• MATERIALS PROVIDED:
········

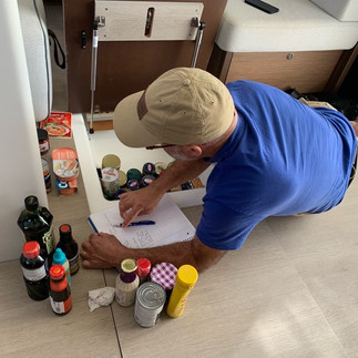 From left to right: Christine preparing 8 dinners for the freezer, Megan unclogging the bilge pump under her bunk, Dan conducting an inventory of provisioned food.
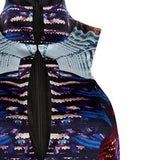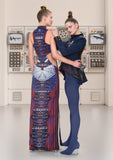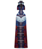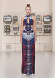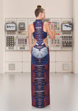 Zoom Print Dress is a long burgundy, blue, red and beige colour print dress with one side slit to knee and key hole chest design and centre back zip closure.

········

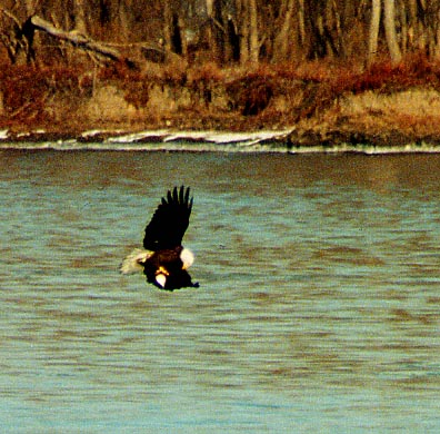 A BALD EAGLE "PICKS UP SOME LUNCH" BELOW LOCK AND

········

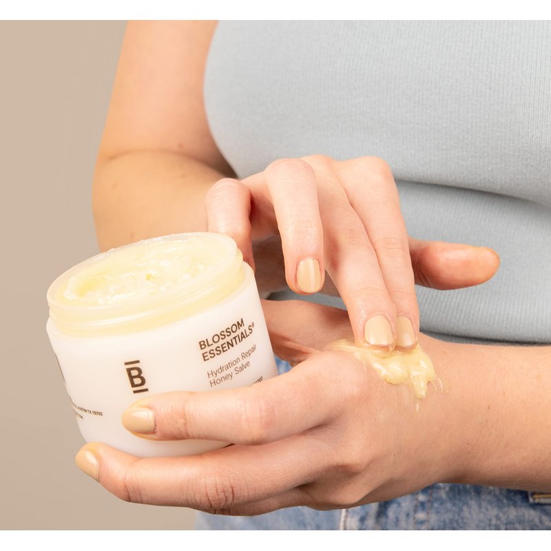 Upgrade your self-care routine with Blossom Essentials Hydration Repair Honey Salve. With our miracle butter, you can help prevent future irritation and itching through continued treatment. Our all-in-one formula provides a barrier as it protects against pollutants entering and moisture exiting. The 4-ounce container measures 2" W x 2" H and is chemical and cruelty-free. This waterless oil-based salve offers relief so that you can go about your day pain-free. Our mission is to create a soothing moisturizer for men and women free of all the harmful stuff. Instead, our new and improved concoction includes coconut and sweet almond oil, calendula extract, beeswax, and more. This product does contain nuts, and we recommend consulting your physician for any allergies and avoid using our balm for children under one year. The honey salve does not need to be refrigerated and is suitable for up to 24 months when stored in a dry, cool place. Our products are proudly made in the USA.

········

• EXERCISE DESCRIPTION:
What lines above run from the one with "From left to" to the one with "Zoom Print Dress"? Give them again exactly, ends included, and leave the pictures out.

• ANSWER BELOW:
 From left to right: Christine preparing 8 dinners for the freezer, Megan unclogging the bilge pump under her bunk, Dan conducting an inventory of provisioned food.
 Zoom Print Dress is a long burgundy, blue, red and beige colour print dress with one side slit to knee and key hole chest design and centre back zip closure.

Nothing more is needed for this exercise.